Our app is perfect for those who want to take a break from playing or can't be physically present to finish their game. You can simply scan the board, and the app will capture the current state of the game. Later, you can pick up where you left off on the digital platform, without the hassle of manually recording your moves or setting up the game again.
How we built it
Frontend: We used React Native, a popular cross-platform framework for building mobile apps. This allowed us to create a user-friendly interface that works on both iOS and Android devices.
Backend: We used Flask, to build the server-side of our app. Flask allows us to handle requests from the frontend and process data in real-time.

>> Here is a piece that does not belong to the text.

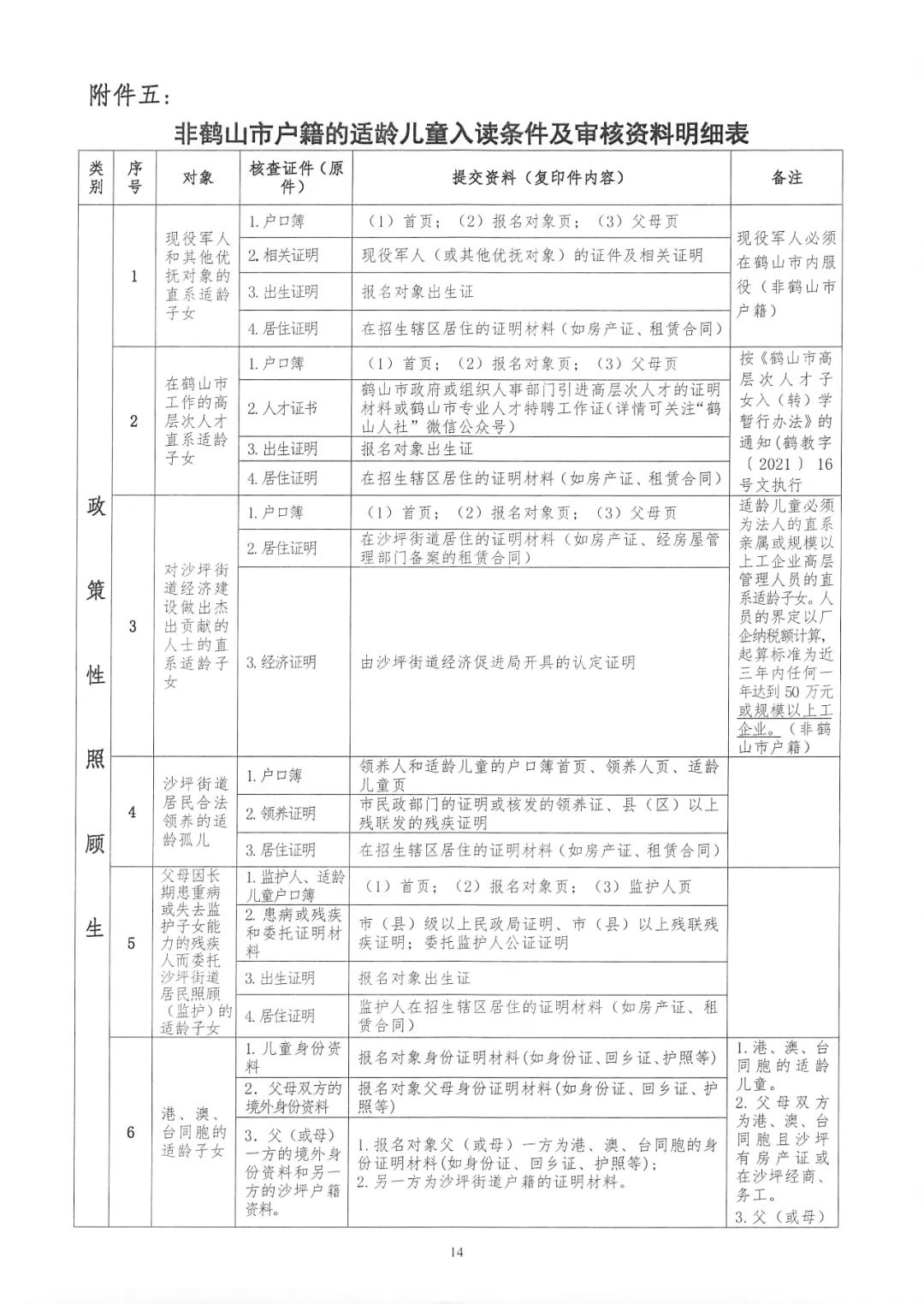 (二)政策性照顾生:符合政策性照顾条件之一的非鹤山市户籍的适龄儿童(见附件五《非鹤山市户籍的适龄儿童入读条件及审核资料明细表》序号1-7),在满足沙坪街道户籍适龄儿童入学后,沙坪街道中心小学(下文简称"中心校")根据公办学校学位剩余情况,统筹安排政策性照顾生入读公办学校。

Machine Learning: We used YOLOv5, a state-of-the-art object detection model, to detect and locate chess pieces on the physical board. This was integrated with our Flask backend to make real-time predictions.
Twilio: We used Twilio to send game code to our friend so that we can play together
Lichess API: To continue the game digitally, we used the Lichess API, which allows us to create and update games programmatically. This means that once the positions of the pieces are detected, the app can automatically update the game on Lichess.
Challenges we ran into
- Training the model: We had no experience with training data, making it challenging to train a model that accurately detects chess pieces on the board.
- Integrating the machine learning model into our React Native app
- React Native: Although React Native is a popular framework for building mobile apps, it was new to us, and we had to invest time and effort in learning how to use it effectively.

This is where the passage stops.